Er hatte den Kelch gerade geleert und überlegte, ob er ihn nachfüllen sollte, als es an der Tür klopfte. Unwillkürlich zuckte er zusammen. Früher einmal hätte ihn eher unerwartete Stille erschreckt. Diejenigen, die er am meisten fürchtete, die Ilse-Hexe und der Morgawr, hätten sich nicht die Mühe gemacht anzuklopfen. Nun zurrte jenes leise Pochen die eisernen Bänder um seine Brust und verengte sein Herz. Er ließ sich einen Moment Zeit, bis er ein wenig die Fassung zurückerlangt hatte, erhob sich und stellte den leeren Kelch vorsichtig auf den Tisch neben sich.
»Ja?«
»Verzeiht, Premierminister«, hörte er die Stimme des Hauptmanns seiner Wache. »Ein Besucher möchte ein Wort mit Euch reden, einer Eurer Ingenieure. Er behauptet, es sei dringend, und so wie er aussieht, möchte ich es ihm tatsächlich glauben.« Nach einer kurzen Pause fügte der Mann hinzu: »Er ist unbewaffnet und allein.«
Dunsidan richtete sich auf. Ein Ingenieur? Zu dieser nachtschlafenden Zeit? An seinen Luftschiffen war eine ganze Reihe von Ingenieuren beschäftigt, die an Verbesserungen arbeiteten, um die Flotte effektiver einzusetzen.
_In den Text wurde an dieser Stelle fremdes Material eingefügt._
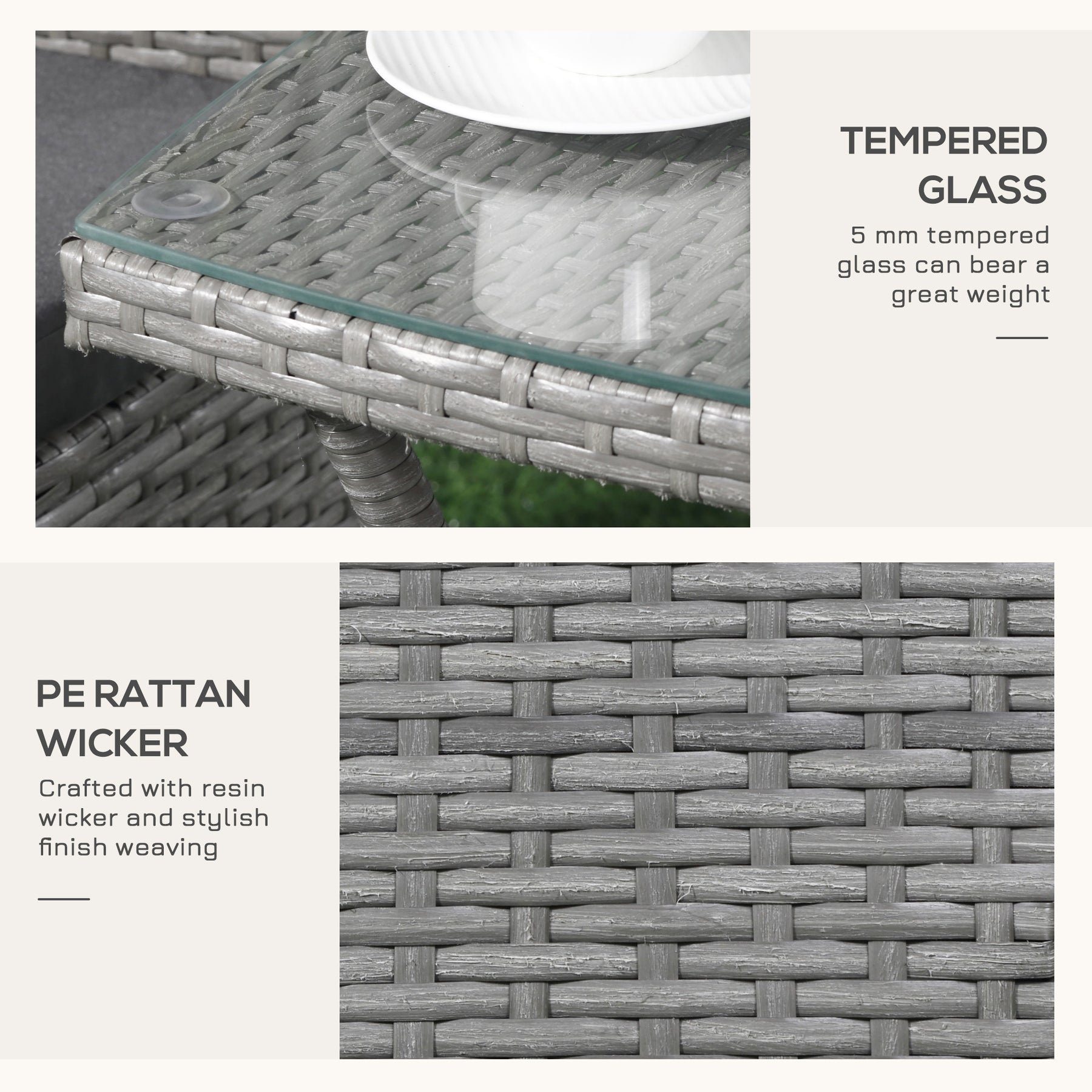 MCL 3 Pieces Rattan Bistro Set, Wicker Garden Furniture Set with 2-Tier Coffee Table and Chairs, Washable Cushions, for Outdoor Patio Balcony, Grey

Selten, wenn überhaupt, suchte einer von ihnen das direkte Gespräch mit ihm, insbesondere zu so nachtschlafender Zeit. Sofort schöpfte er Verdacht, nach einem kurzen Moment der Überlegung kam er jedoch zu der Einsicht, dass ein solches Vorgehen eher auf eine gewisse Verzweiflung hindeutete. Dunsidans Interesse war geweckt. Also schob er seine Vorbehalte zur Seite.
»Herein.«
Der Ingenieur glitt durch die Tür wie ein Frettchen, das sich in seine Höhle verkriecht. Er war ein kleiner Mann, an dem keinerlei äußere Merkmale hervorstachen. Aus seinem Verhalten Sen Dunsidan gegenüber wurde sofort klar, dass er sich auf keinen Fall zu viel herausnehmen würde. »Premierminister«, sagte er, verneigte sich tief und wartete.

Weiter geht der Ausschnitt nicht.